Que sea agresivo con sus contrincantes no implica que no sea delicado con el objeto de su pasión; y a pesar de que no cuenta con mucho tiempo (el periodo fértil apenas dura 24 horas), no se anda por las ramas y corteja a la hembra durante horas emitiendo lloriqueos y potentes chorros de orina en su dirección (si no, no llega) hasta que se produce el milagro o The Whitten effect (descubierto 10 años después por Wesley K. Whitten): las hormonas masculinas inician el ciclo estral u ovulación femenina.
Vencida toda reserva, la hembra bajará al suelo, mostrará sus cuartos traseros y aplanará las púas para no lastimar a su caballero, que enarbolará su lanza y gozará con ella de un singular combate cuerpo a cuerpo. Aunque este será breve (no como el de las babosas), no será el único, ya que el macho se acicalará, recuperará fuerzas y volverá a montarla hasta que, saciado el deseo femenino, ella trepe de nuevo a la ramita sin mirar atrás. Pero no sintáis pena por él, porque no se marchará rumbo a la puesta de sol, compungido y despechado, sino en pos de otra dama que se rinda a sus quejiditos y chorrazos de orina. Ah, el amor y sus espinas…

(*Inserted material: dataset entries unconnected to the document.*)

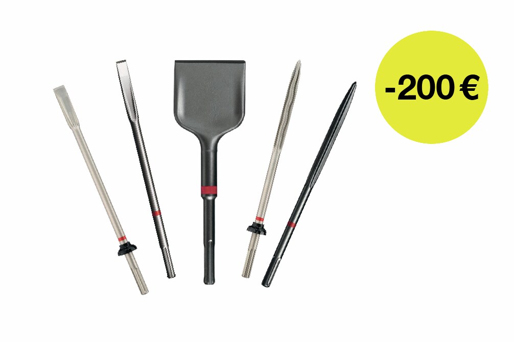Encuentra cinceles SDS / SDS Max / TE-S, punteros para martillo demoledor, rascadores y adaptadores para varillas de puesta a tierra, para aprovechar al máximo tus martillos perforadores y demoledores en trabajos de cincelado y demolición. Utiliza el código en tu pedido: HOLA20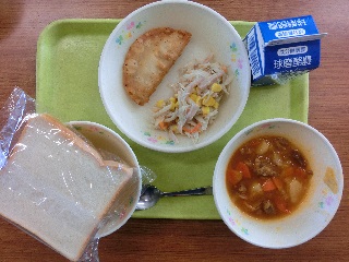 食パン、ロシア風スープ、ごぼうサラダ、ピロシキ、牛乳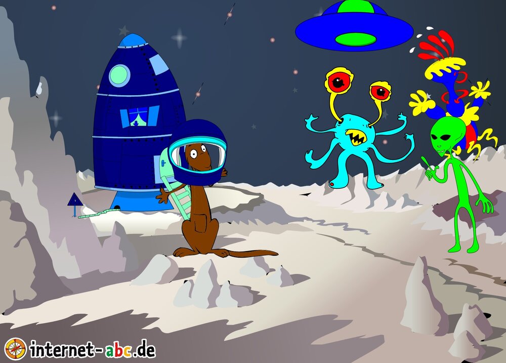 Mit der Rakete fliegen die 4 Internet-ABC-Tiere in den Weltraum. Was sie dort sehen und erleben, könnt ihr in diesem Baukasten malen und erzählen.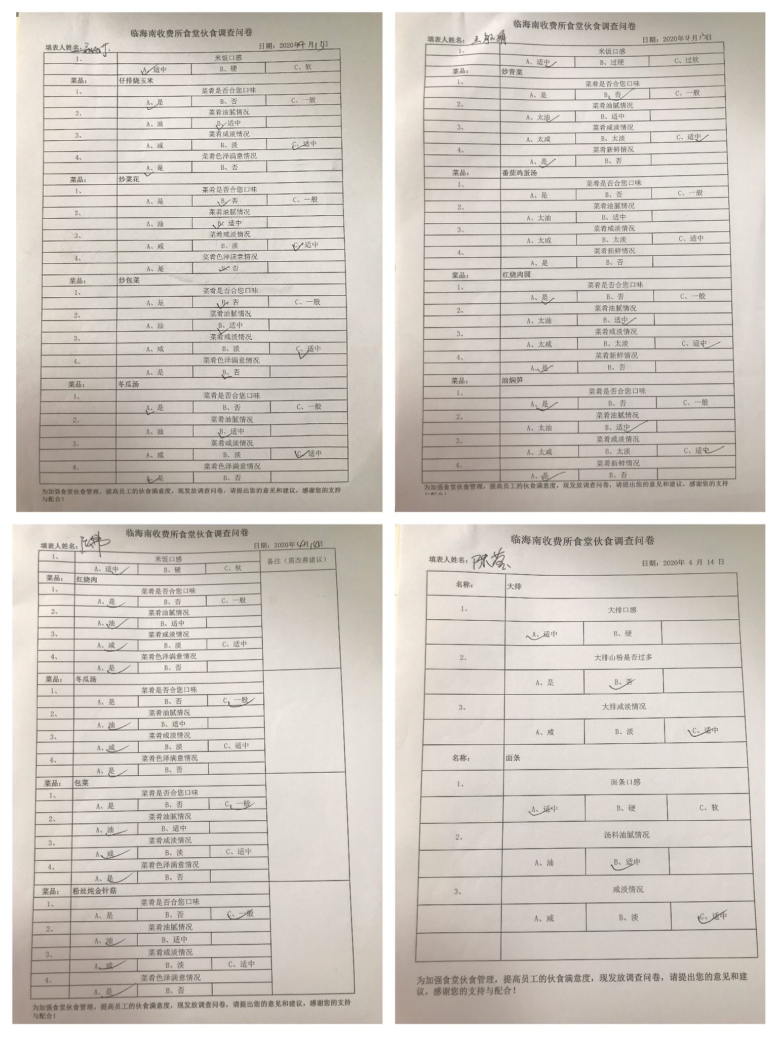 為了提高食堂滿意度,該所菜肴口味、油膩度、咸淡、色澤等方面制定調查問卷,大家真實客觀地表達各自的想法和建議。問卷調查采用當班用餐人員實名填寫問卷調查表的形式進行,通過收集的問卷,每天中午定期召集食堂人員,反饋前一天的調查結果,根據(jù)員工的反饋建議,討論制定整改措施,確保將員工的意見及建議落到實處。除此之外,每逢傳統(tǒng)佳節(jié),定制相應的節(jié)日菜譜,保證員工在站所也能感受到節(jié)日的喜慶和家的溫馨。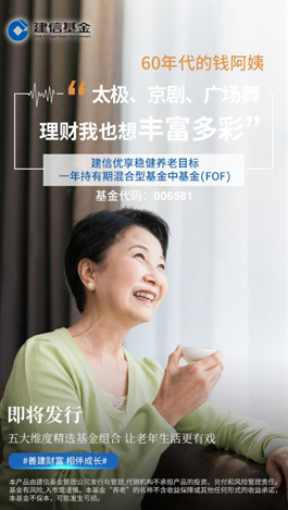 2018年3月,证监会发布《养老目标证券投资基金指引》,标志着公募基金将正式服务于公民养老事业。各家基金公司积极参与,申报相关产品累计已超50只。近日,这一重磅产品再度传来最新消息,第二批养老目标基金正式获批。其中,建信优享稳健养老目标混合型基金中基金(FOF)投资特色鲜明,该基金以多元资产配置为核心驱动力,以稳健的风险收益为目标,同时借助量化策略优化配置和精选基金,实现投资组合的风险分散和长期稳健增长。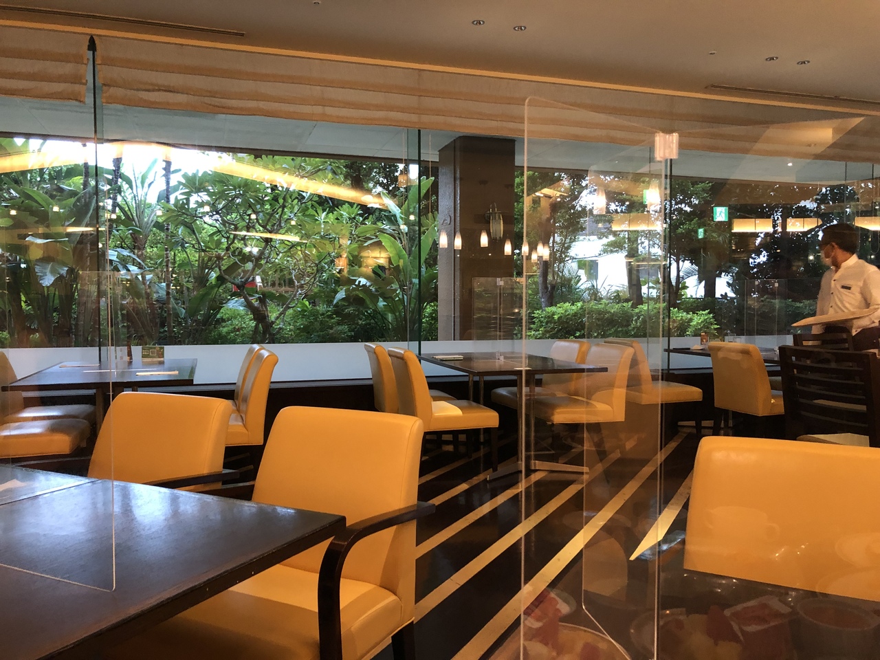 那覇・泉崎の沖縄ハーバービューホテルの地下にあるレストラン。ハーバービューホテルは坂の上にあるので、地下とは言え、窓からは木々に覆われた庭園の中にあるようなレストランで、窓側の席は気持ちがよいです。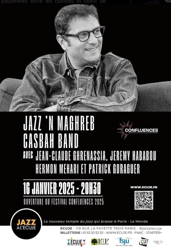 Ce concert inédit du Casbah Band dirigé par Jean-Claude Ghrenassia, revisite les grands standards de la musique d’Afrique du Nord, notamment le chaâbi, à travers le langage universel du jazz. Ces artistes ont marqué la scène musicale judéo-arabe du 20e siècle et ce projet ambitieux s’inspire de leur héritage pour le réinventer dans un dialogue entre les traditions méditerranéennes et les rythmes du jazz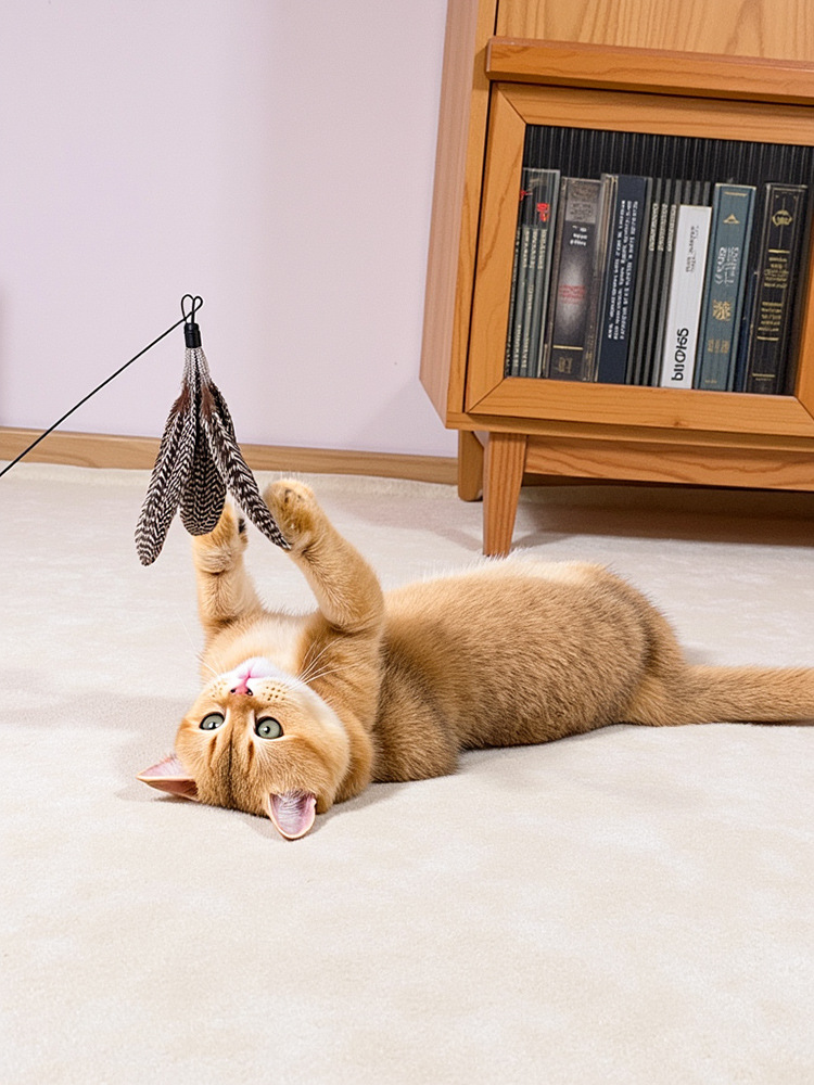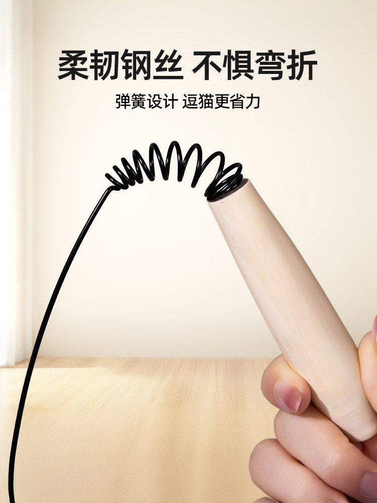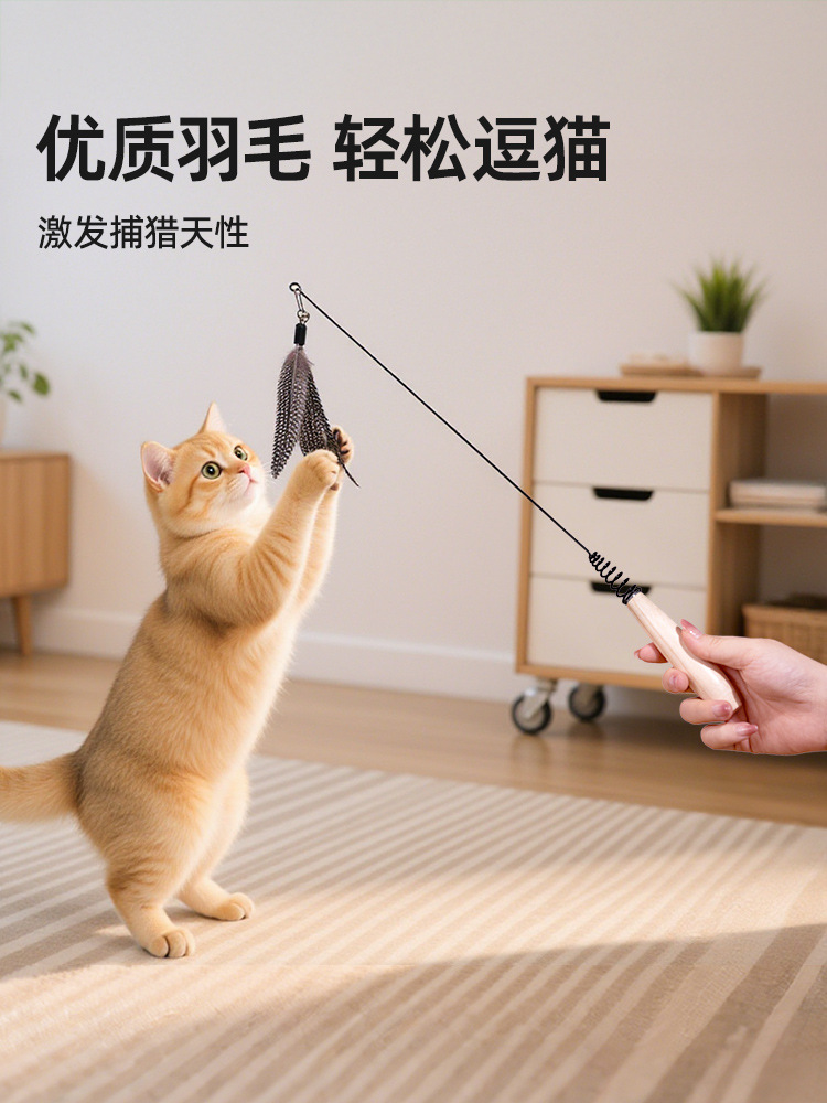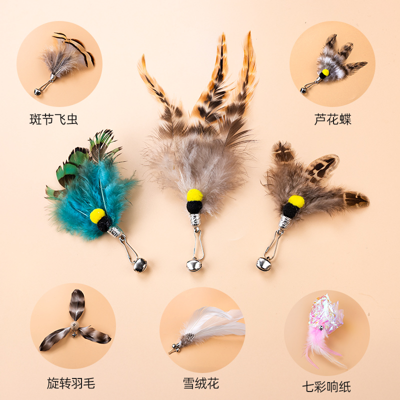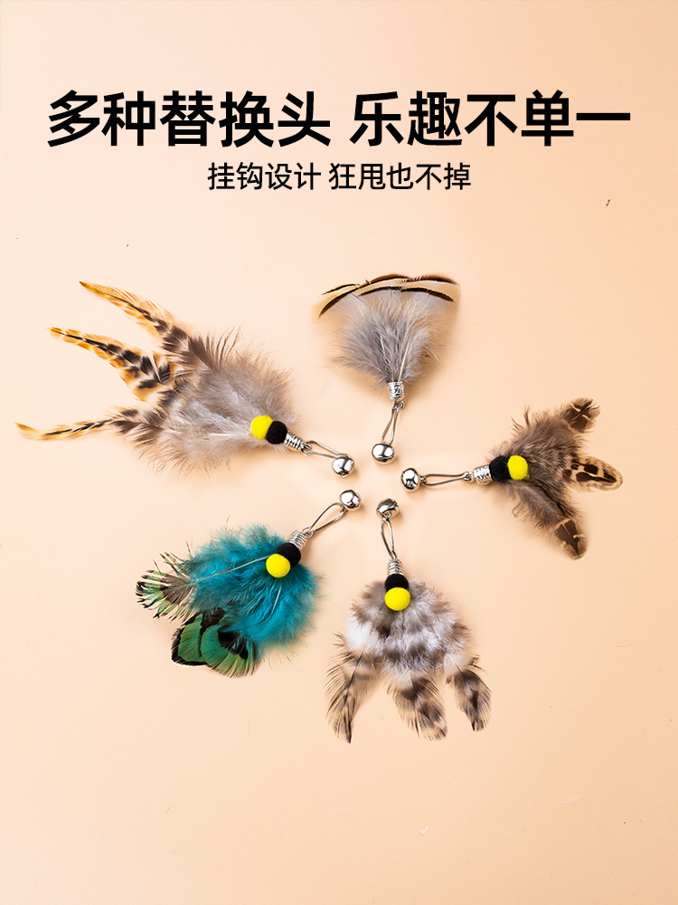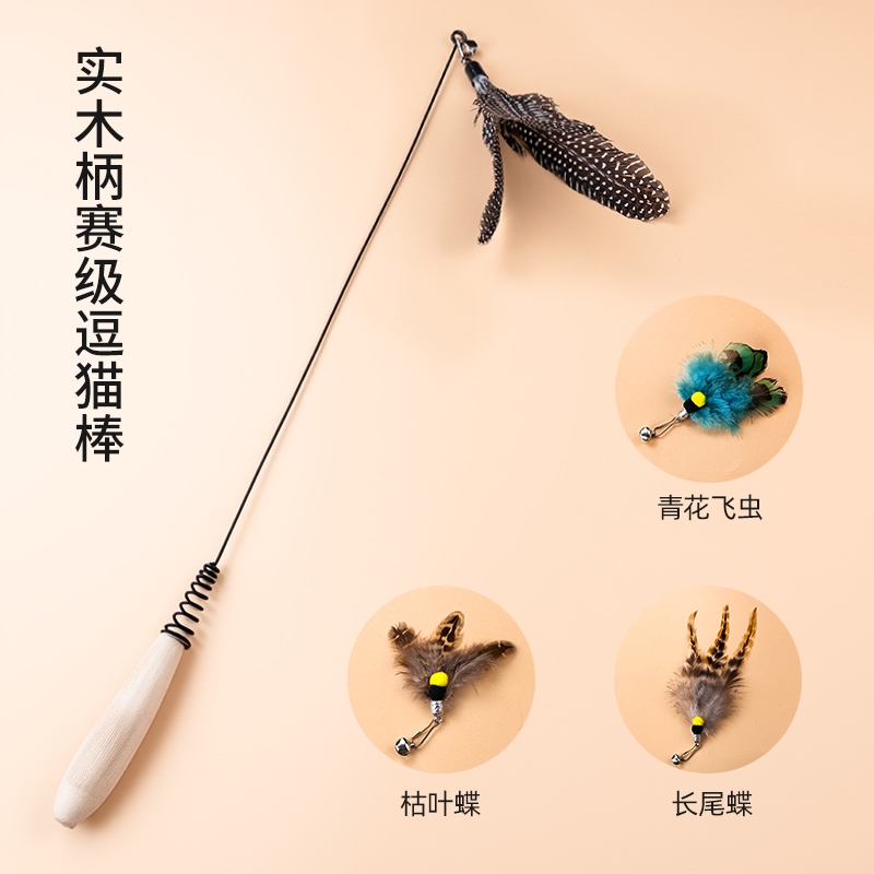 wooden handle cat teaser + white feather replacement head * 2 + rotating feather 4 heads in total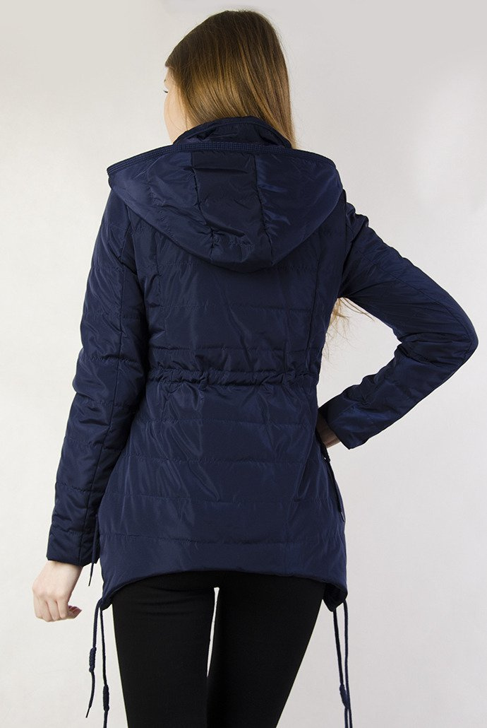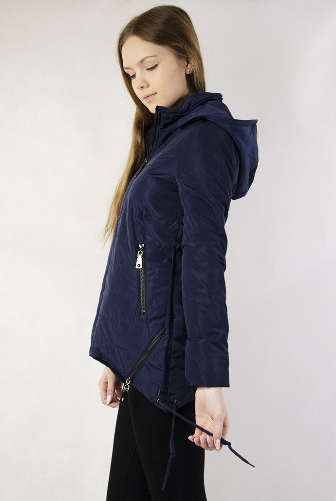 Wiosenna, asymetryczna granatowa kurtka z kapturem zapinana na zamek.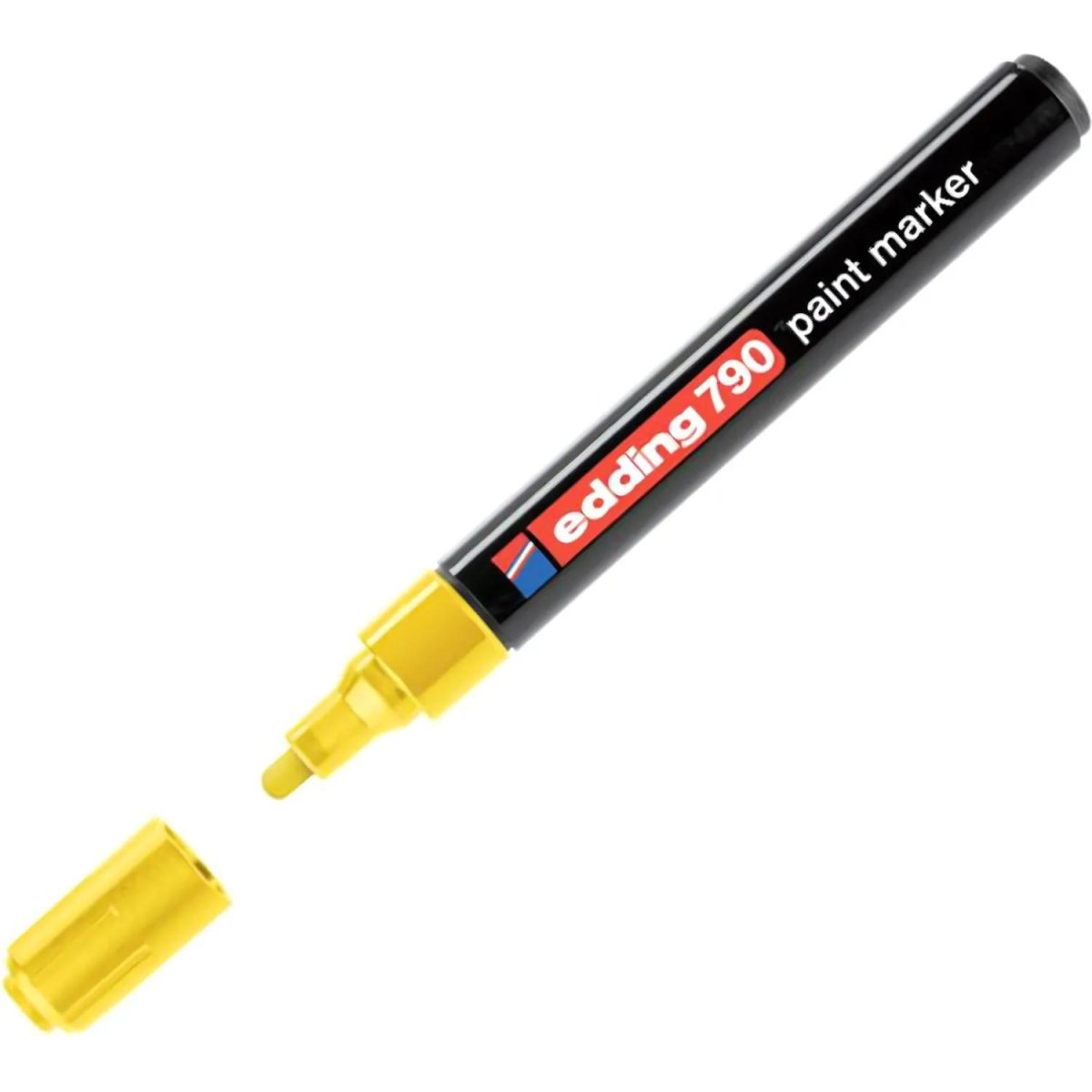 Маркер промышленный лаковый Edding E-790/5 жёлтый 2-4 мм<br><br>Маркер с жёлтыми лакирующими чернилами предназначен для универсальной промышленной маркировки. Он используется для нанесения заметных и стойких надписей на различных материалах, включая стекло, пластик, металл, дерево, резину, картон и бетон. Этот маркер отлично подходит для работы на жирных, пыльных и грязных поверхностях, что делает его идеальным для применения в сложных индустриальных условиях.<br><br>Маркер оснащён упрочнённым круглыми (пулевидными) наконечниками, что позволяет наносить точные линии толщиной от 2 до 3 мм. Поток чернил регулируется клапаном, что обеспечивает равномерное нанесение. Чернила быстро сохнут, водостойкие и имеют высокую термостойкость. Температура маркировки: от −80°С до +400°С. Температура поверхности: от — 15°С до + 95°С.<br><br>Маркер Edding 790 применим для различных отраслей, таких как приборостроение, технологическая маркировка, а также для декоративных и оформительских работ, например, витражных и росписи по дереву и керамике. Корпус маркера выполнен из пластика, что делает его более экономичным вариантом среди аналогичных маркеров.<br><br>Перед использованием маркера следует тщательно встряхнуть его с закрытым колпачком, затем прижать наконечник к поверхности и удерживать до появления краски. После применения важно плотно закрывать колпачок и хранить маркер вдали от огня и солнечных лучей.

Así que, por lo visto, el frenesí sexual de la colonia de la Universidad de Buffalo no era tal, sino el intento de unos inexpertos conejillos de indias puercoespines americanos de aparearse en condiciones, a pesar de la tensión de vivir en una jaula y sentirse observados 24/7; y los chorros de orina no eran un fetichismo por la lluvia dorada, sino un fenómeno evolutivo para inducir el estro.
No obstante, la teoría de la masturbación compulsiva no debe ser totalmente descartada. Muchos animales se frotan contra objetos con el único objetivo de darse placer, y quizá los puercoespines americanos no sean la excepción; pero no he encontrado ninguna referencia fiable al respecto. ¿Hay algún biólogo en la sala que nos saque de dudas?